The Gym No. 6: Uncentering (with a few more thoughts on Space)
Ah, I dreamed I was at the theatre—it was small, a blackbox. There would be a dance performance, but I didn’t get to see it. All I remember is the warmth of settling in a semi-dark room with my fellow audience members in mutual anticipation, and the feeling of sitting shoulder to shoulder with a stranger. My face is so close to his face.
♡
One of the luxuries of not adhering to even a semblance of a publishing schedule is that nothing tells me when to close the book. Given what people in Texas have been through in the last couple of weeks, I want to linger on the topic of space for a minute.
I’ve lived in places with cold winters much of my life and never once feared that I’d freeze to death in my bedroom. But that’s what happened to people. Children. Grandparents. A neighbor one block over.
On top of that, a total lack of systems thinking caused a domino effect of problems for survivors. In many homes, power outages caused pipes to freeze and break, which contributed to the drastic reduction in water levels, which resulted in a lack of water for many and nonpotable water for most of the state.
For so many, the safe spaces we’ve been tethered to for the past year turned into nightmares, the sources of trauma. Now, when I think about community and creative space, I quickly snowball into questions of free will. The social contract between residents and governments—the one that says, we pay you and abide by certain rules and expect you to keep the lights on—has been broken. How can we claim spaces as our own when they’re subject to the manipulations of capital-driven systems that don’t act in our best interests? Do we need to take ourselves off the grid to really claim spaces as our own? But an every-human-for-themselves existence doesn’t lend itself to generative, communal, open-door spaces. Dystopia upon dystopia. Where are we going?
As our kids’ beloved fifth-grade teacher would say when we were all failing at remote learning, ugh.
♡
Onto something just as messy, but less demoralizing.
In UX design, we often use the language of “centering”: we’re working toward human-centered design, we’re making user-centric products and experiences. We develop personas to help us center our designs on lifelike characters, and we write user stories to help us center features and fixes on a de facto use case. We do all of this to make sure we’re creating things for the people who will be using them, rather than for ourselves or the people who are paying us to create things, which is important.
But the “centering” language oversimplifies. In truth, there is no customer or user at the center. Designing for people, if we are aiming for inclusivity, requires uncentering: every person is one of an infinite quantum of centers. How can we make each of them the center of our designs? Of course it’s impossible—that’s why it’s important! The less centered a design, the more resilient, accessible, and inclusive it is. It’s “yes, and.” It’s “everyone’s right.” The point is to not give up on each other.
That’s all ambiguities and potions, but the pandemic has pushed arts organizations to very tangibly uncenter. Many are rethinking strategies centered on a traditional season, a concert hall, a studio, an urban arts hub. Others are reflecting on who’s an artist, what’s an audience, what constitutes a performance, and what is the work of performing artists when they’re not working toward a performance. In the NYT alone, I’ve read about rethinking orchestra programming, changing what drives a dancer’s worklife, moving dance classes outside, and a call for the federal government to take meaningful interest in the arts and artists. I’ve been following Live in America, a yearlong project by the Austin-based organization Fusebox (uncentering is in its DNA)—it’s investigating the contexts and practices of artists in places far outside (culturally as much as geographically) the cities that are typically considered hubs for fine art.

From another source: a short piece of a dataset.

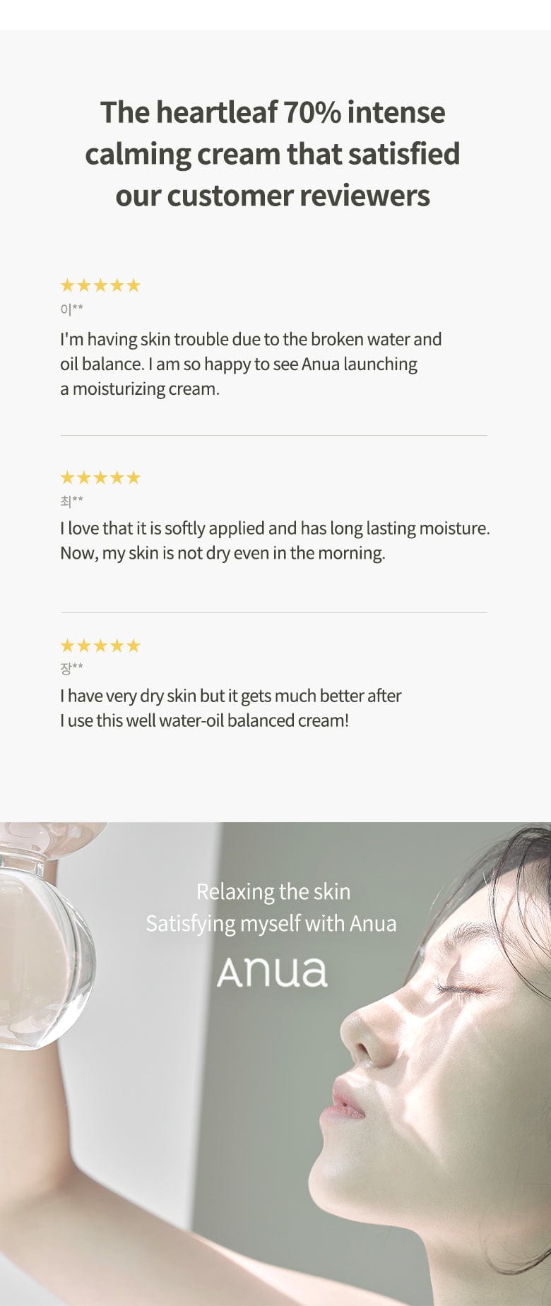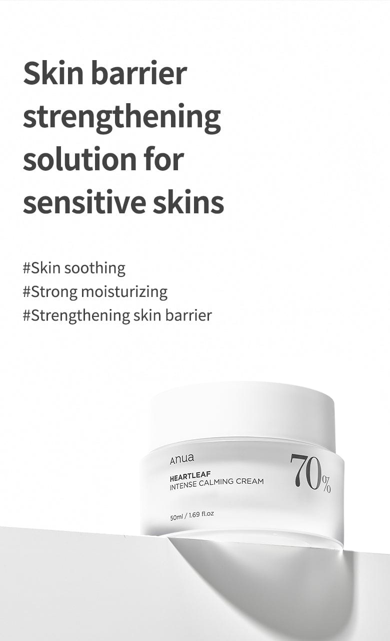 Soothe, hydrate, and protect sensitive skin with Anua Heartleaf 70% Intense Calming Cream. Infused with 70% heartleaf extract (Houttuynia cordata), this rich yet gentle cream helps calm irritation, reduce redness, and strengthen the skin’s moisture barrier. Botanical ingredients work together to lock in hydration and restore skin comfort, leaving your complexion soft, supple, and balanced.

At least for dance, performance, and classical music, it seems like these months are making indelible marks on the idea that performing artists hide away for a few weeks or months and—jazz hands!—appear on a proscenium stage with an anticipated work of genius. As it becomes safe for artists to unite with audiences in real proximity again, maybe we’ll see less centered creation and engagement, with less binary concepts of audience vs. art. This all coheres with the continued shift of the responsibility for writing and sparking conversations about art from the media to the arts organizations themselves. (See Fluent-Collaborative and Fusebox in Austin, the Walker in Minneapolis, the Menil in Houston, and any org that has a sustained conversation practice to elicit original perspectives from writers, critics, and publics—let me know what I’m missing!)
I hope we’ll continue to see deeper accountability of arts orgs to their publics and communities, to not just presenting but deeply engaging with and ceding power to Black artists, women and nonbinary artists, and other underrepresented groups.
As dance critic Clive Barnes wrote of his life’s work (which seems so simple in comparison right now!), “the job’s impossible.” For artists and arts orgs fighting for their livelihoods, that’s not an abstraction, and I don’t mean to deemphasize those real hardships and struggles. At the same time, it’s a fascinating time for the arts and our symbiotic relationship, as a society, with art. Losses and innovations are everywhere. All this is to say, I see you not giving up on each other.